§ TO DO
Apart from the pictures, every line below is to be set down exactly.

§ SOURCE MATERIAL
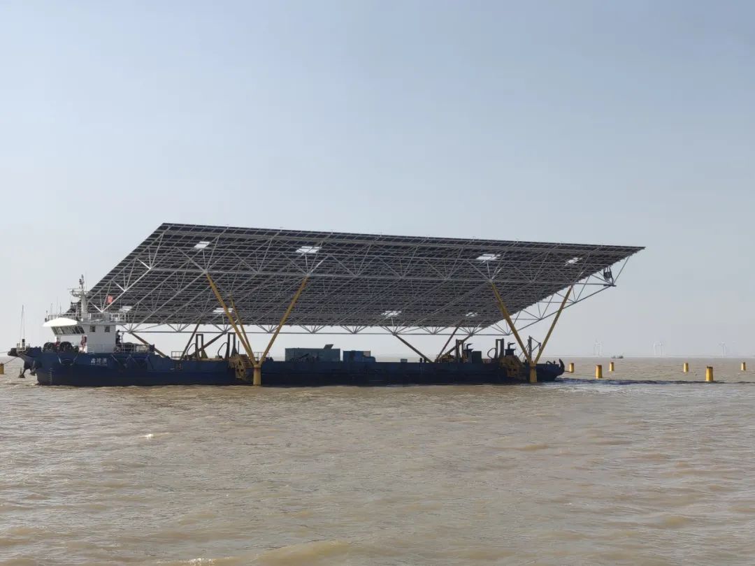 海上光伏整體結(jié)構(gòu)浮托運(yùn)輸調(diào)節(jié)裝備是利用駁船在淺海對(duì)光伏組件整體結(jié)構(gòu)進(jìn)行浮托運(yùn)輸、安裝的裝備。本裝備通過創(chuàng)新設(shè)計(jì)舉升系統(tǒng)、伸縮梁等關(guān)鍵部件,有效提升了光伏組件整體結(jié)構(gòu)安裝的施工效率、施工穩(wěn)定性以及安裝精確性,同時(shí)解決了安裝空間受限等問題。為海上光伏組件提供了一套可在從運(yùn)輸?shù)桨惭b的整體解決方案,降低了浮吊船的使用頻率,降低海上光伏運(yùn)輸和安裝的成本,提升了海上光伏的安裝效率,有效推動(dòng)了整個(gè)產(chǎn)業(yè)鏈的技術(shù)升級(jí)。
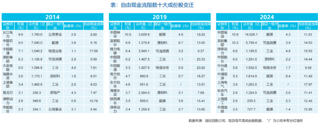 另外,指数相比单个企业更好的点就在于,它是会进行动态调整的,而且调仓节奏较快,一个季度就调一次。看看近十年自由现金流指数前十大的成分变化情况,变化还是挺明显的,从2014 年的长江电力、中国石化到2019年的中国神华、宝钢股份,再到2024年的中国海油、美的集团。如果我们选择追踪自由现金流指数的自由现金流ETF易方达(159222),相当于能始终拥有整个市场最会赚钱、最有钱的100家企业,这真的非常省心省事。
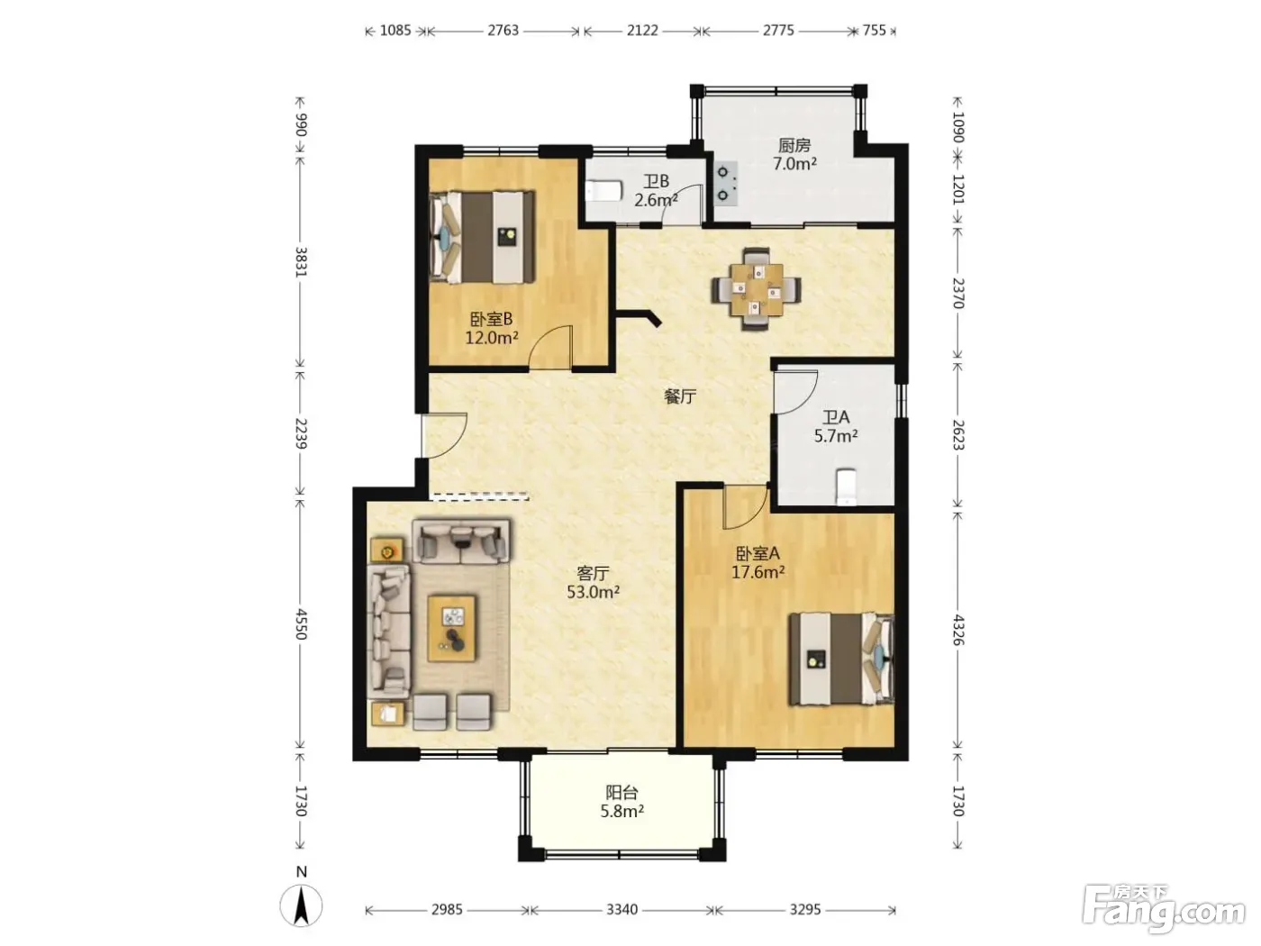 户型齐全,主打户型方正,明卫,明厨,客厅朝南三居

§ OUTPUT BELOW
 海上光伏整體結(jié)構(gòu)浮托運(yùn)輸調(diào)節(jié)裝備是利用駁船在淺海對(duì)光伏組件整體結(jié)構(gòu)進(jìn)行浮托運(yùn)輸、安裝的裝備。本裝備通過創(chuàng)新設(shè)計(jì)舉升系統(tǒng)、伸縮梁等關(guān)鍵部件,有效提升了光伏組件整體結(jié)構(gòu)安裝的施工效率、施工穩(wěn)定性以及安裝精確性,同時(shí)解決了安裝空間受限等問題。為海上光伏組件提供了一套可在從運(yùn)輸?shù)桨惭b的整體解決方案,降低了浮吊船的使用頻率,降低海上光伏運(yùn)輸和安裝的成本,提升了海上光伏的安裝效率,有效推動(dòng)了整個(gè)產(chǎn)業(yè)鏈的技術(shù)升級(jí)。
 另外,指数相比单个企业更好的点就在于,它是会进行动态调整的,而且调仓节奏较快,一个季度就调一次。看看近十年自由现金流指数前十大的成分变化情况,变化还是挺明显的,从2014 年的长江电力、中国石化到2019年的中国神华、宝钢股份,再到2024年的中国海油、美的集团。如果我们选择追踪自由现金流指数的自由现金流ETF易方达(159222),相当于能始终拥有整个市场最会赚钱、最有钱的100家企业,这真的非常省心省事。
 户型齐全,主打户型方正,明卫,明厨,客厅朝南三居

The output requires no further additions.